Japanese casino magnate, entrepreneur, and chairman of Universal Entertainment Corporation, Kazuo Okada, says that the gambling market in the Philippines could eventually overshadow Singapore, Bloomberg reports. The billionaire said this on the eve of the opening of his latest project, the 280,000 sq feet, $2.4 billion investment – the Okada Manila Casino Resort.
As the business portal reports, his prediction is based on the recent changes in the Philippines, where President Duterte has been working tirelessly to reduce crime and drugs but also soften relations with China. Thanks to the improvement of the bilateral relations, the Philippines will be seeing a new wave of Chinese visitors, according to the 74-year old businessman.

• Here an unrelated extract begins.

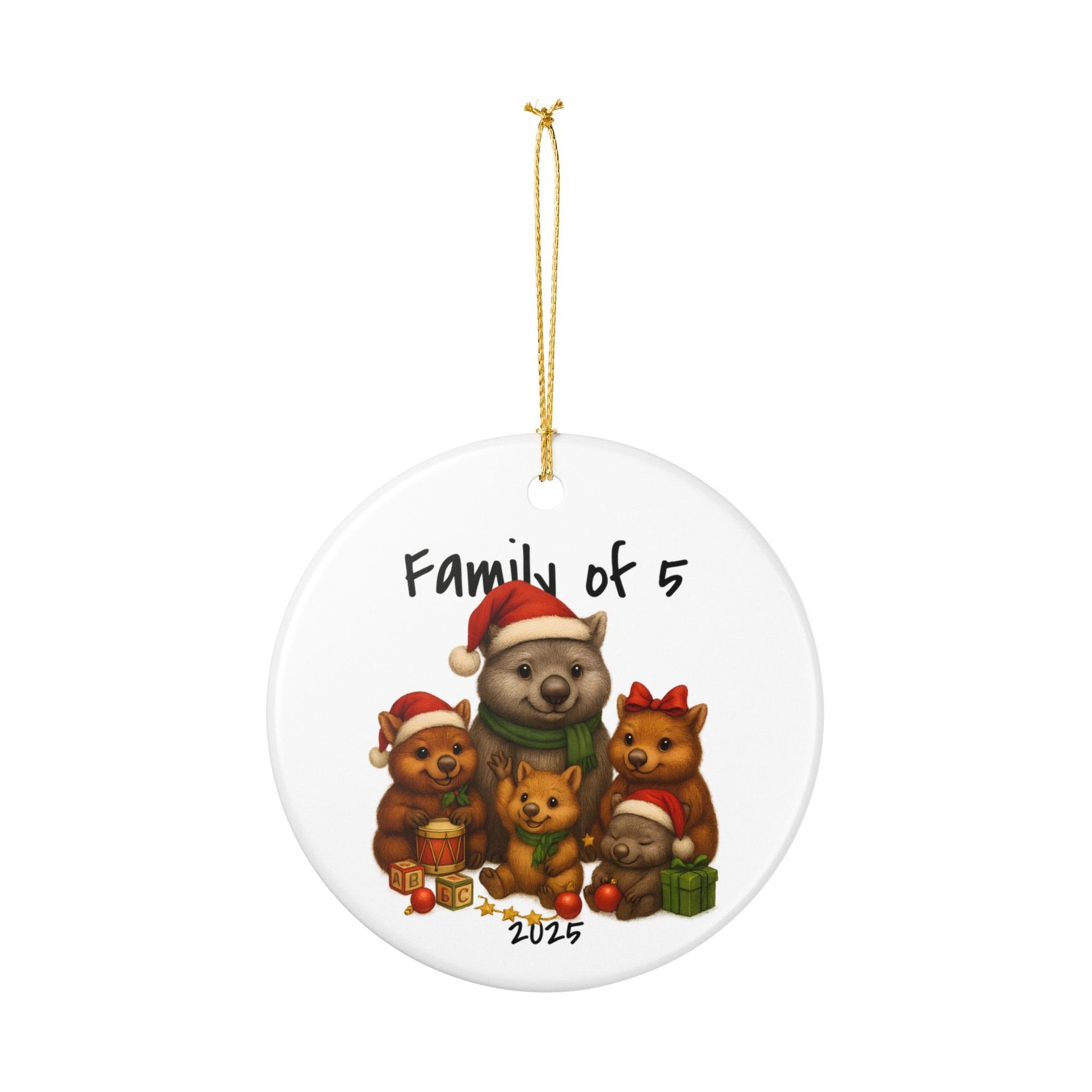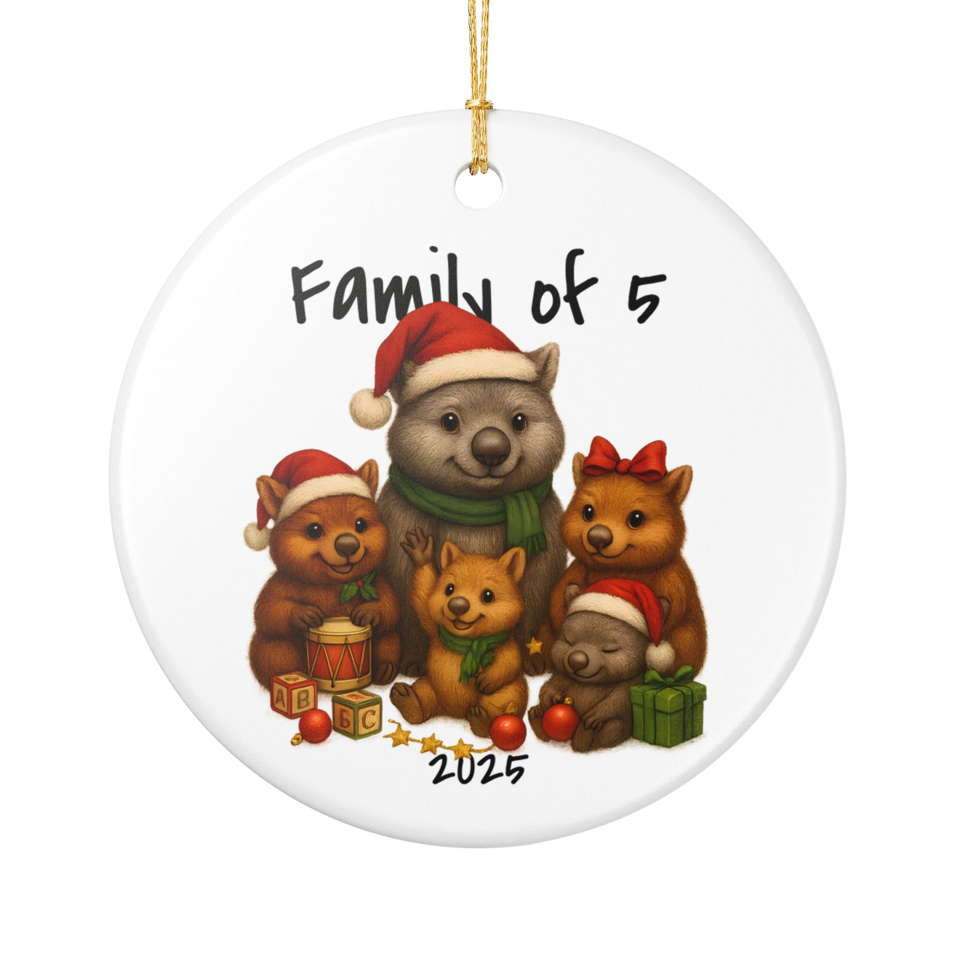 Single Parent Family of 5 Australian Animal Christmas Ornament – Wombat Design – 2025 Festive Keepsake

With the Chinese government enforcing a fierce crackdown on corruption and the Macau government joining the cause, the hold on the middle-class Asian market and Chinese high-rollers that Macau once had was shaken badly, prompting contenders to try and race for the spot of number one gambling safe haven in Asia. The key countries jumping on the opportunity were Singapore and Philippines, with Japan being the latest addition, where the government passed the bill to legalize casinos only recently.
However, according to official data, the Philippines have a long way to go, as their revenue is expected to reach $3 billion in 2016 – a number lower than Singapore ($4.8 billion in 2015) and not even close to Macau who still hold the spotlight with $28.9 billion in 2015. But despite the stiff competition, Okada says he has high hopes about his new resort.
According to the article, Okada expects the casino to bring returns to his investment within three-five years. Their initial goal is to attract 30% of international visitors from China, Korea, Taiwan and Japan and later grow it to 50% – a brave outlook, no doubt, considering recent events.